You can run the application from the command line with Gradle or Maven. You can also build a single executable JAR file that contains all the necessary dependencies, classes, and resources and run that. Building an executable jar makes it easy to ship, version, and deploy the service as an application throughout the development lifecycle, across different environments, and so forth.

If you use Gradle, you can run the application by using ./gradlew bootRun. Alternatively, you can build the JAR file by using ./gradlew build and then run the JAR file, as follows:

java -jar build/libs/gs-accessing-data-mysql-0.1.0.jar

If you use Maven, you can run the application by using ./mvnw spring-boot:run. Alternatively, you can build the JAR file with ./mvnw clean package and then run the JAR file, as follows:

java -jar target/gs-accessing-data-mysql-0.1.0.jar
The steps described here create a runnable JAR. You can also build a classic WAR file.

When you run the application, logging output is displayed. The service should be up and running within a few seconds.

Test the Application

Now that the application is running, you can test it by using curl or some similar tool. You have two HTTP endpoints that you can test:

GET localhost:8080/demo/all: Gets all data. POST localhost:8080/demo/add: Adds one user to the data.

The following curl command adds a user:

$ curl http://localhost:8080/demo/add -d name=First -d [email protected]

The reply should be as follows:

Saved

The following command shows all the users:

$ curl http://localhost:8080/demo/all

The reply should be as follows:

[{"id":1,"name":"First","email":"[email protected]"}]

Make Some Security Changes

When you are on a production environment, you may be exposed to SQL injection attacks. A hacker may inject DROP TABLE or any other destructive SQL commands. So, as a security practice, you should make some changes to your database before you expose the application to your users.

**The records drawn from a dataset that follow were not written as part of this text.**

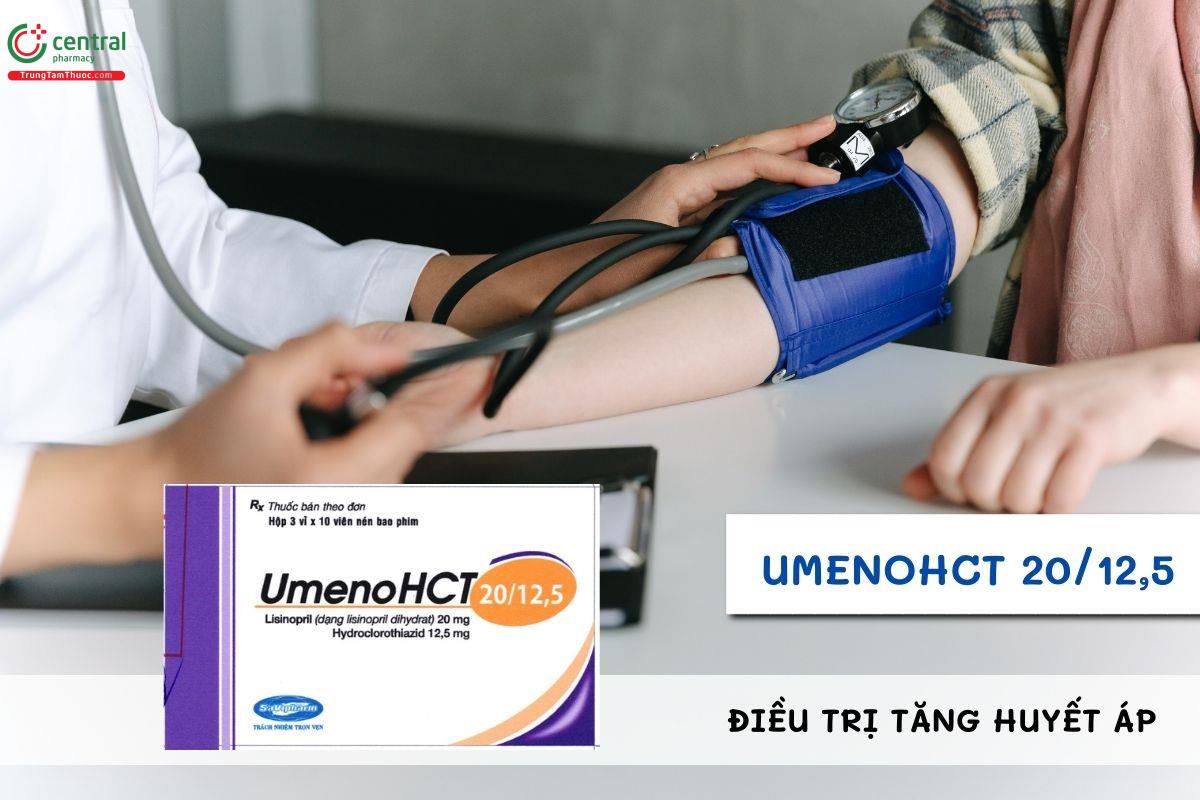 Thuốc UmenoHCT 20/12,5 được chỉ định điều trị tăng huyết áp mức độ nhẹ và vừa ở những bệnh nhân không đạt được mục tiêu kiểm soát huyết áp khi dùng riêng biệt lisinopril hoặc hydroclorothiazid.[1]
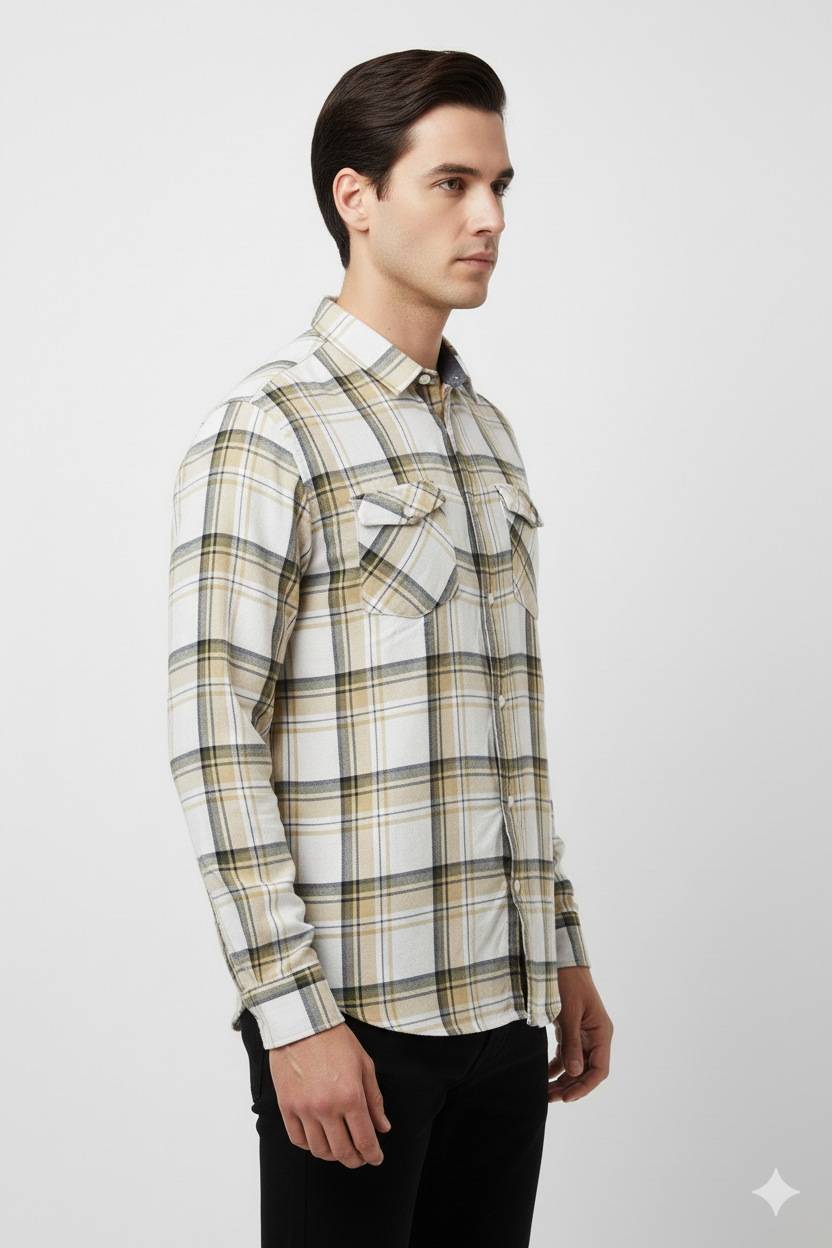 Add a touch of classic charm to your casual collection with this Men’s White & Beige Checked Cotton Shirt. Designed with a bold plaid pattern in beige, white, and subtle grey tones, it combines rustic appeal with contemporary design. Made from premium brushed cotton, this shirt offers a soft feel and comfortable fit, ideal for all-day wear.
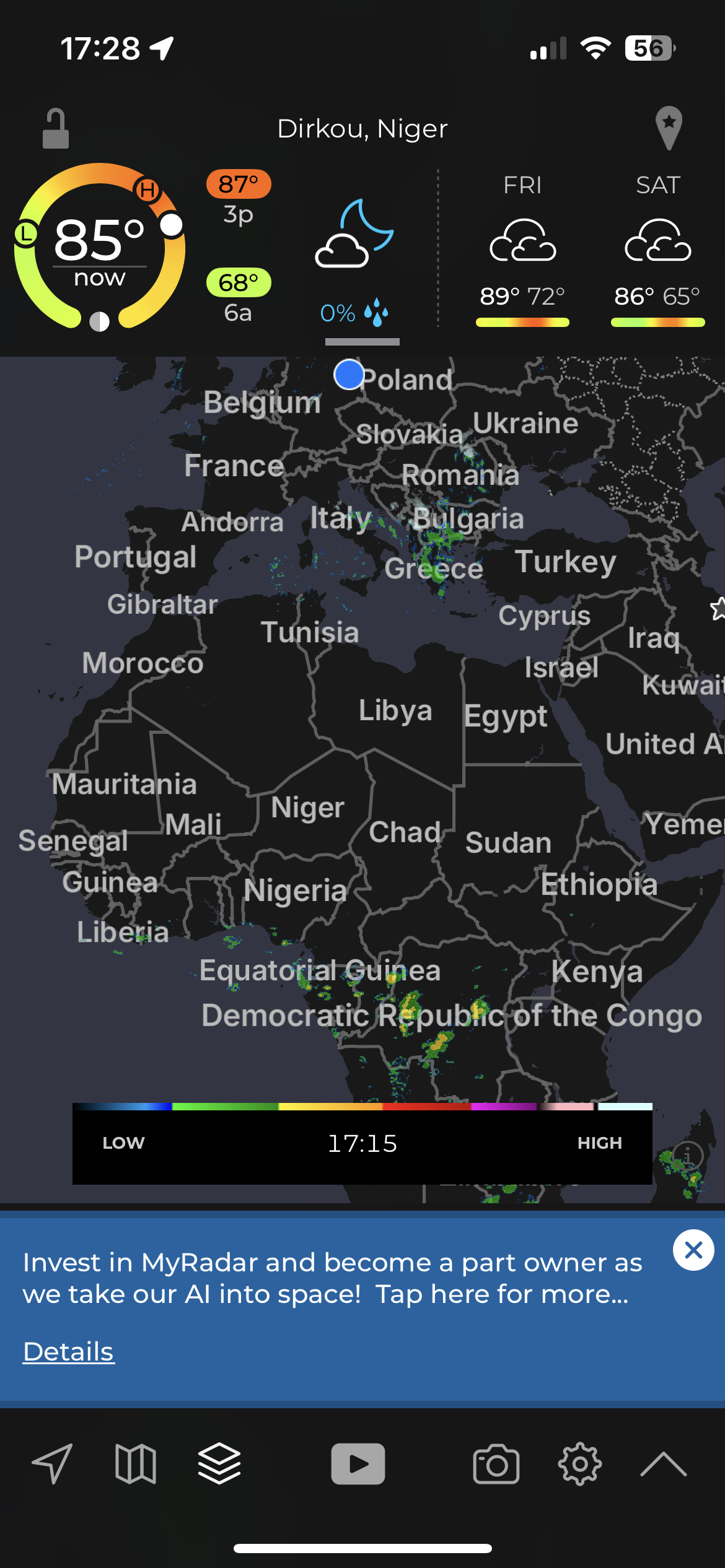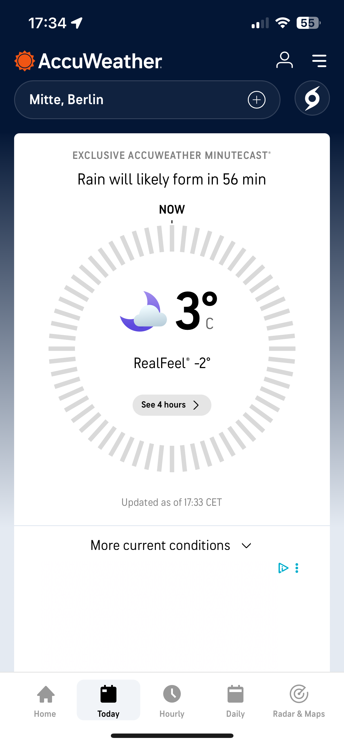 • Radar options, future cast layers, precipitation type, wind direction and temperature details
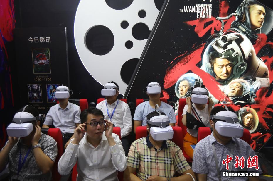6月26日,2019南京创新周黑科技展在南京国际博览中心开展,中智行5G“AI无人驾驶汽车”、让生活更智能的智慧家居、沉浸式星空数字意境、纳米黑金……超过400家海内外高科技企业、500余件智能黑科技产品汇聚现场。据介绍,该展览通过“仰望星空,与未来对话”的沉浸式数字意境,借助“洞悉、洞见、洞创、洞融”四大主题篇章,串联成一条“科技之奥,别有洞天”的展览主线,多角度深度呈现海内外前沿技术,让观众深度感知引领性未来场景,体验由“黑科技”塑造的“未来之窗”。图为观众戴上VR眼镜观看电影。 中新社记者 泱波 摄

The following command revokes all the privileges from the user associated with the Spring application:

mysql> revoke all on db_example.* from 'springuser'@'%';

Now the Spring application cannot do anything in the database.

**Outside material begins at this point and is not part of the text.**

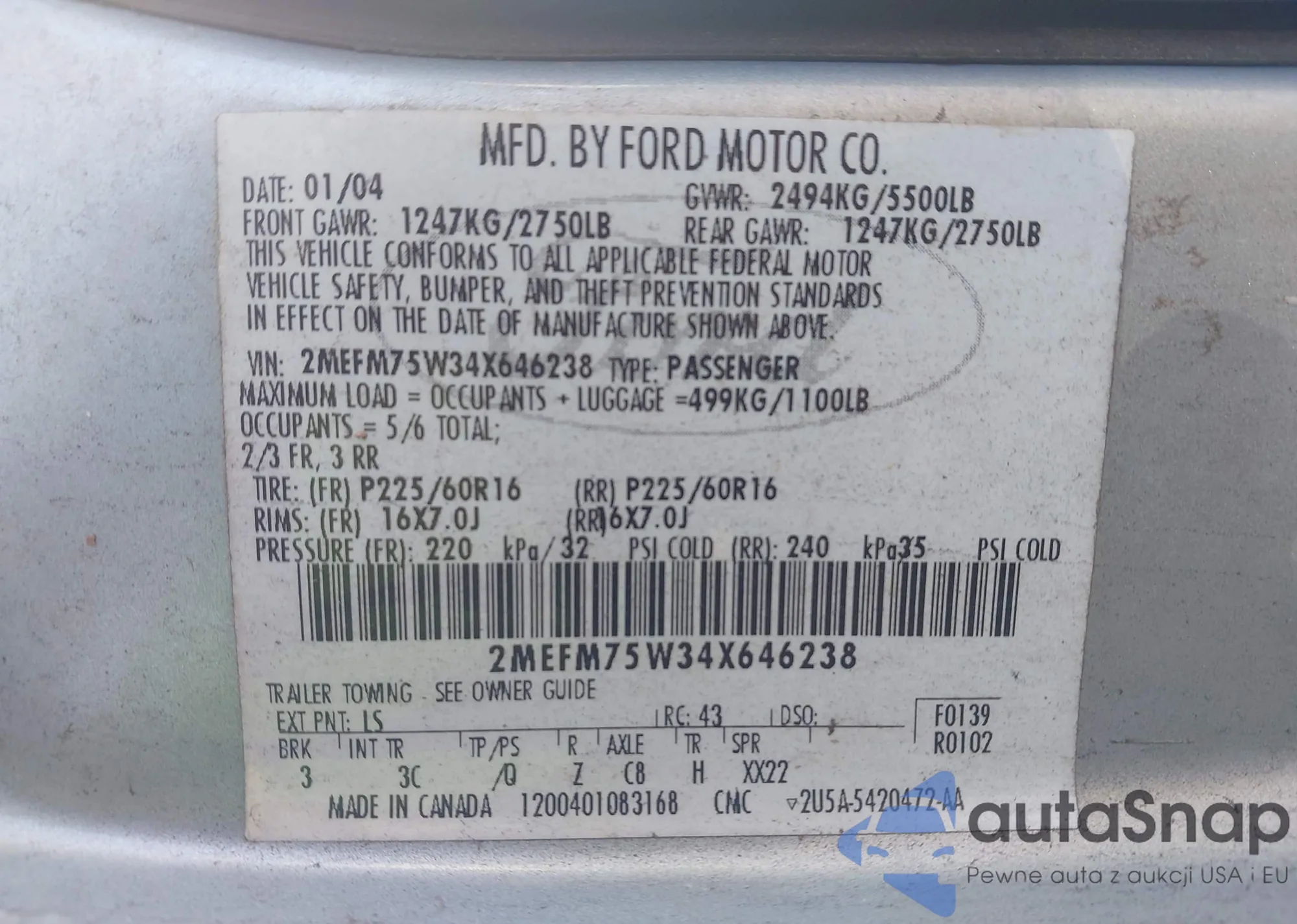 • VIN 2MEFM75W34X646238

The application must have some privileges, so use the following command to grant the minimum privileges the application needs:

mysql> grant select, insert, delete, update on db_example.* to 'springuser'@'%';

Removing all privileges and granting some privileges gives your Spring application the privileges necessary to make changes to only the data of the database and not the structure (schema).

When you want to make changes to the database:

  1. Regrant permissions.

  2. Change the spring.jpa.hibernate.ddl-auto to update.

  3. Re-run your applications.

Then repeat the two commands shown here to make your application safe for production use again. Better still, use a dedicated migration tool, such as Flyway or Liquibase.

Summary

Congratulations! You have just developed a Spring application that is bound to a MySQL database and is ready for production!